Finally, negative PLSR loadings of the features related to happiness and subjective well-being may be specific to the study cohort, as these findings do not agree with some previous research [107–109]. On the other hand, our results agree with the study linking excessive optimism or optimistic thinking to lower cognitive performance in memory, verbal fluency, fluid intelligence, and numerical reasoning tasks, and suggesting that pessimism or realism indicates better cognition [110]. The concept of realism/optimism as indicators of cognition is a plausible explanation for a negative association between the g-factor and friendship satisfaction, as well as a negative PLSR loading of feelings that life is meaningful, especially in older adults who tend to reflect more on the meaning of life [111]. The latter is supported by the study showing a negative association between cognitive function and the search for the meaning of life and a change in the pattern of this relationship after the age of 60 [112]. Finally, a UK Biobank study found a positive association of happiness with speed and visuospatial memory but a negative relationship with reasoning ability [113].
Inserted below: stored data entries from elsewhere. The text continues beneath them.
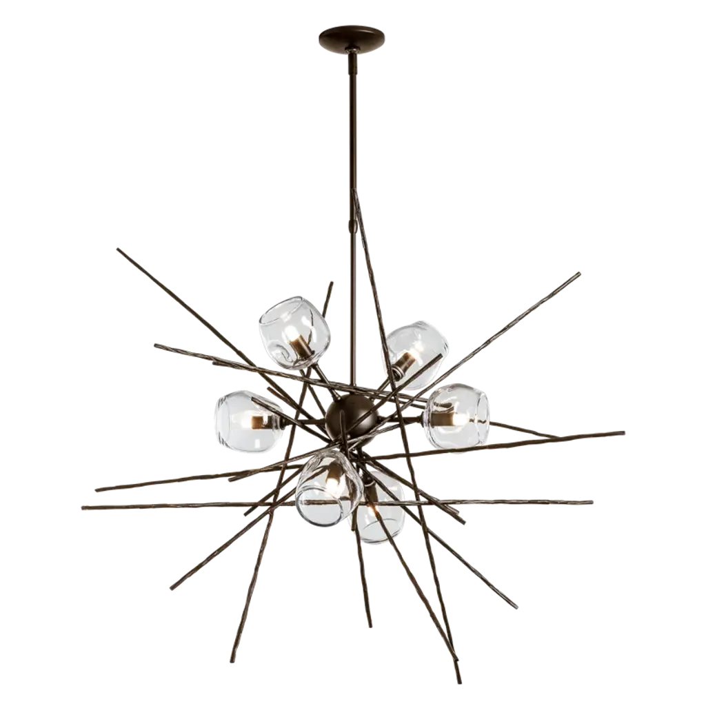 The Griffin Starburst Pendant features six unique, "thumbprint" glass shades. The starburst design is achieved with handcrafted, hammered steel rods created by Vermont artisans to look like the natural tree bark of intersecting twigs.The organic shaped glass is available in clear and cool grey.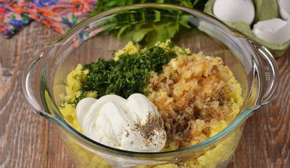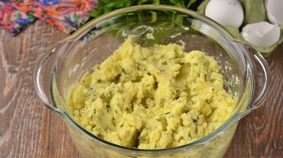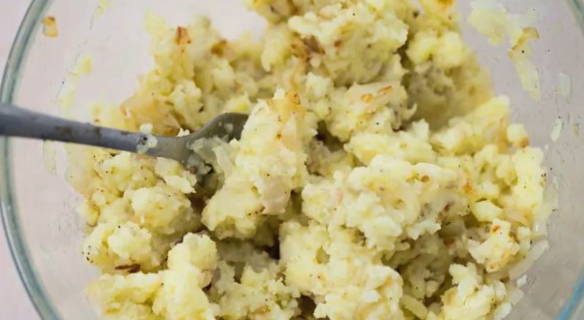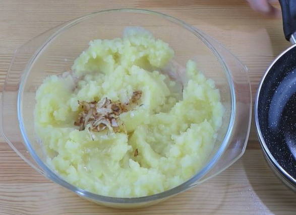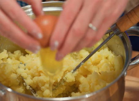- Maal de aardappelpuree en voeg het ei eraan toe.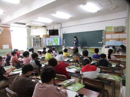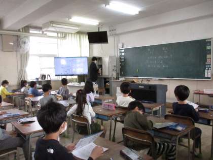 4年生の書写、3年生の理科、2年生の算数の学習の様子です。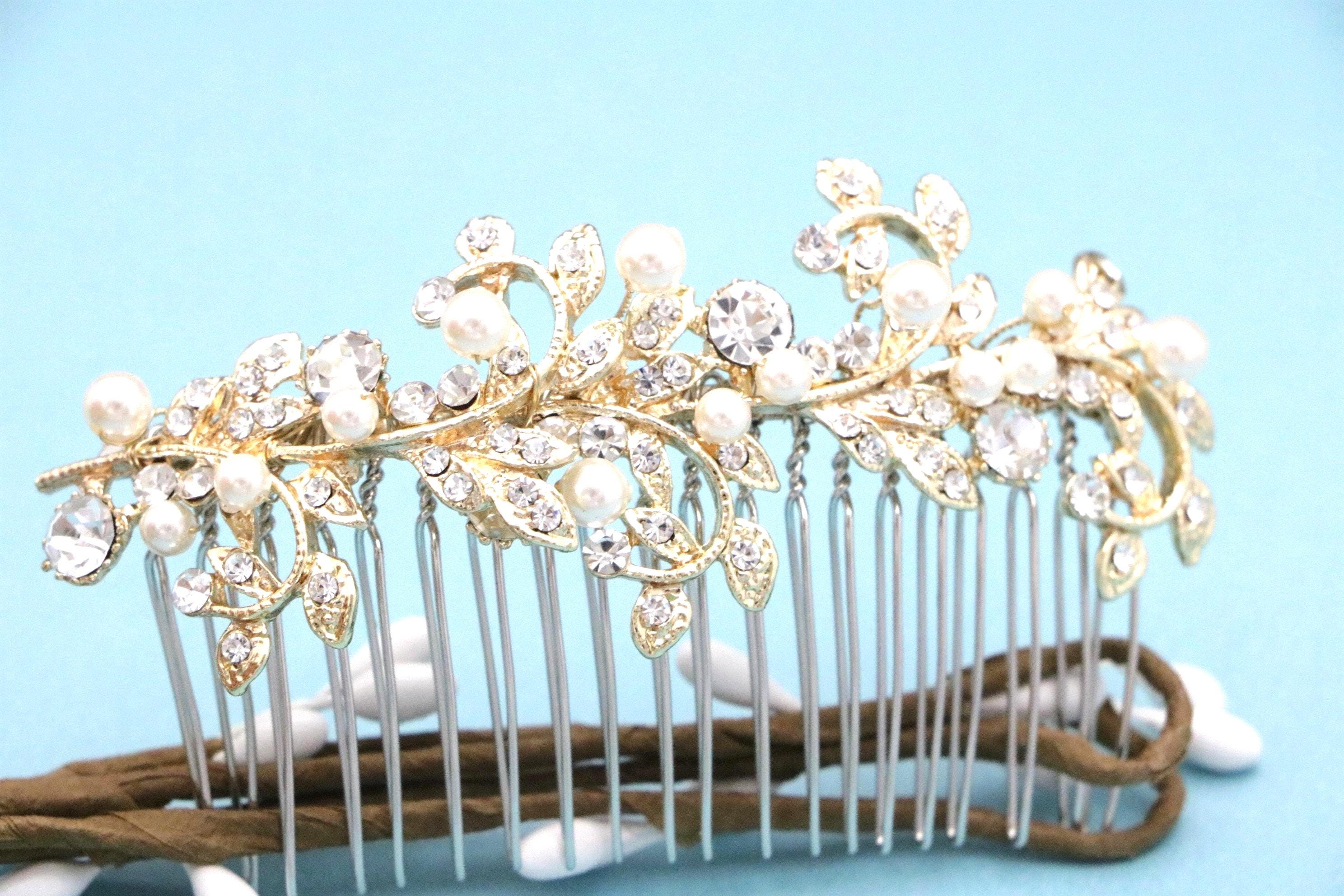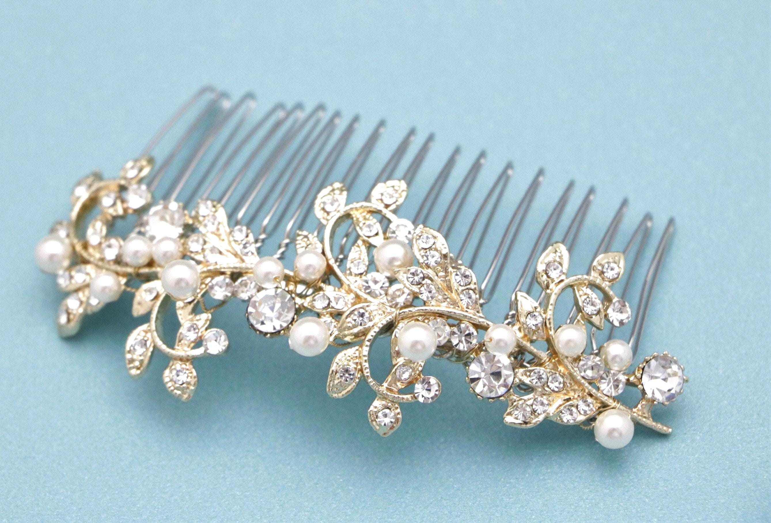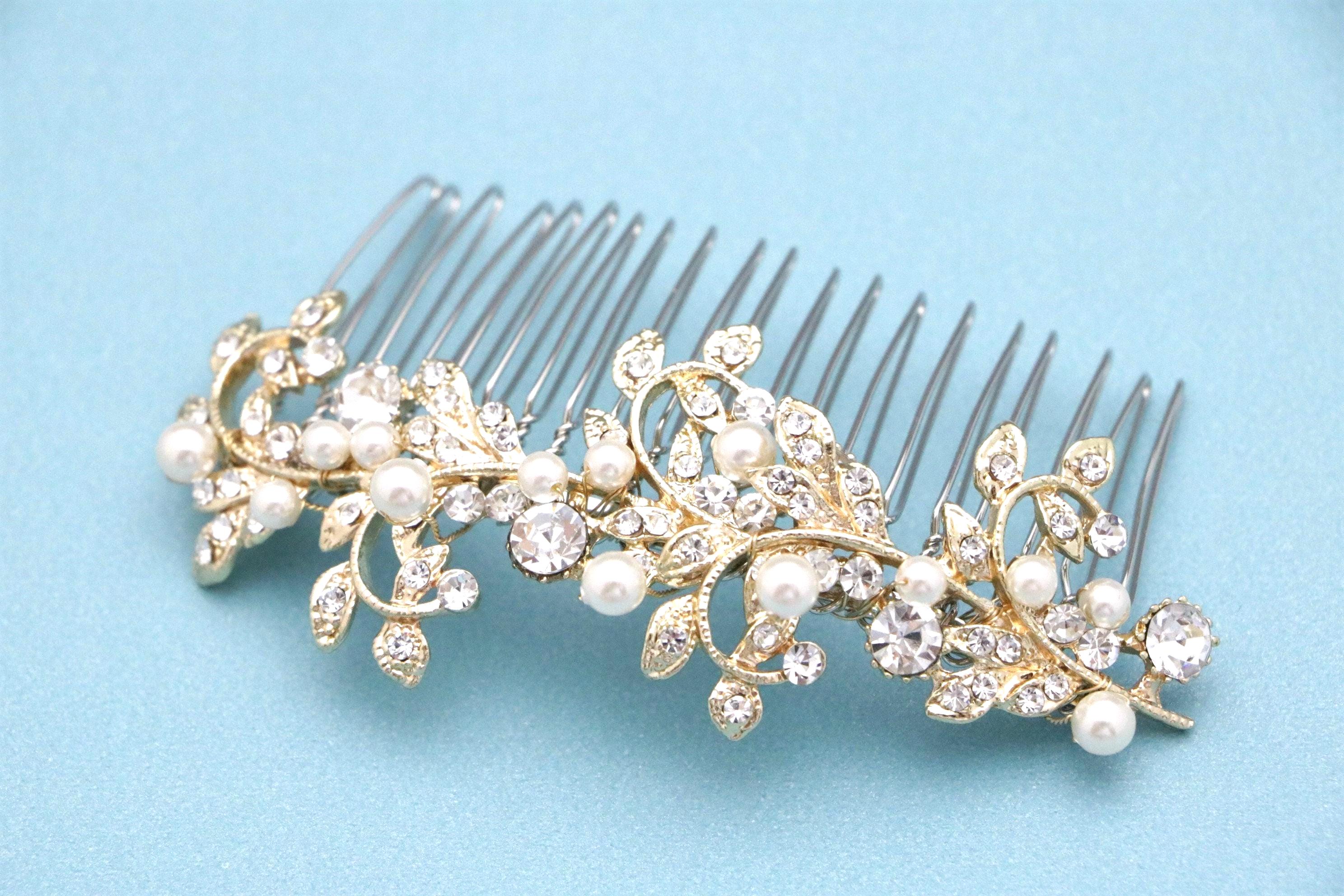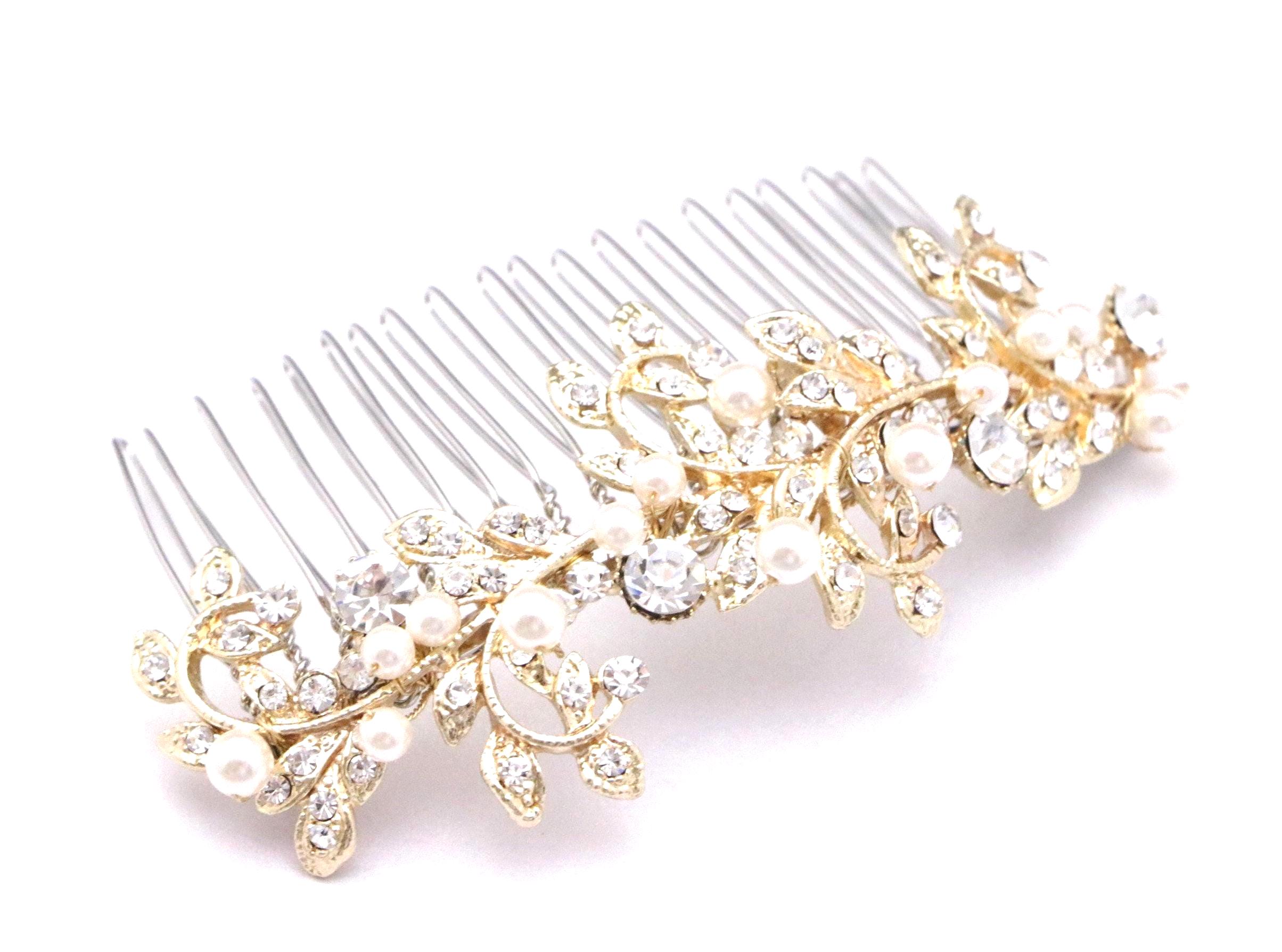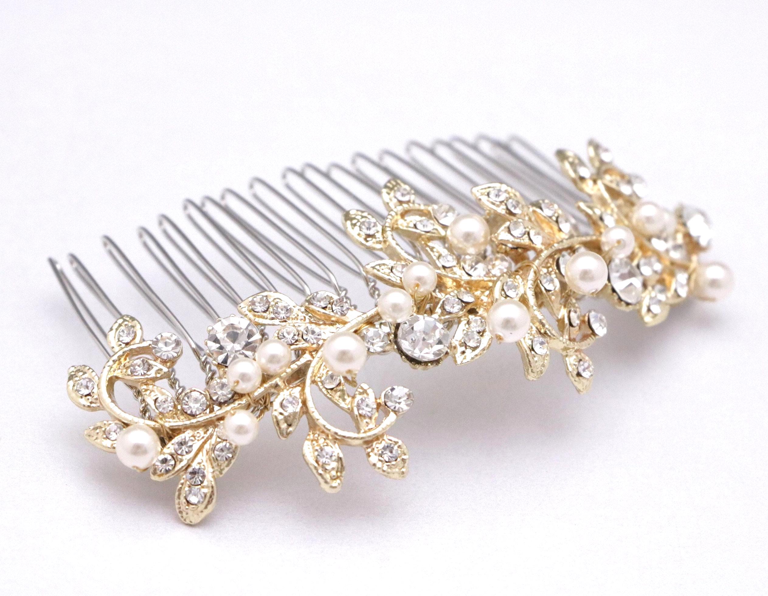 Gold Bridal Hair Comb, Crystal and Freshwater Pearl Wedding Comb, Silver Wedding Hair Comb

How well does MRI capture the predictive relationship between cognition and mental health?

Consistent with previous studies, we show that MRI data predict individual differences in cognition with a medium-sized performance (r ≈ 0.4) [15–17, 28, 65, 114, 115]. This provides us confidence in using MRI to derive quantitative neuromarkers of cognition. Neural indicators of cognition derived from rsMRI and sMRI neuroimaging phenotypes explain approximately a third of this link (29.8% and 31.6%, respectively), whereas multimodal neural indicators of cognition derived from all neuroimaging phenotypes account for almost half (48%) of the variance in the cognition-mental health relationship. Yet, combining all neuroimaging phenotypes from three MRI modalities allowed us to explain the highest proportion of the variance in cognition that mental health captures.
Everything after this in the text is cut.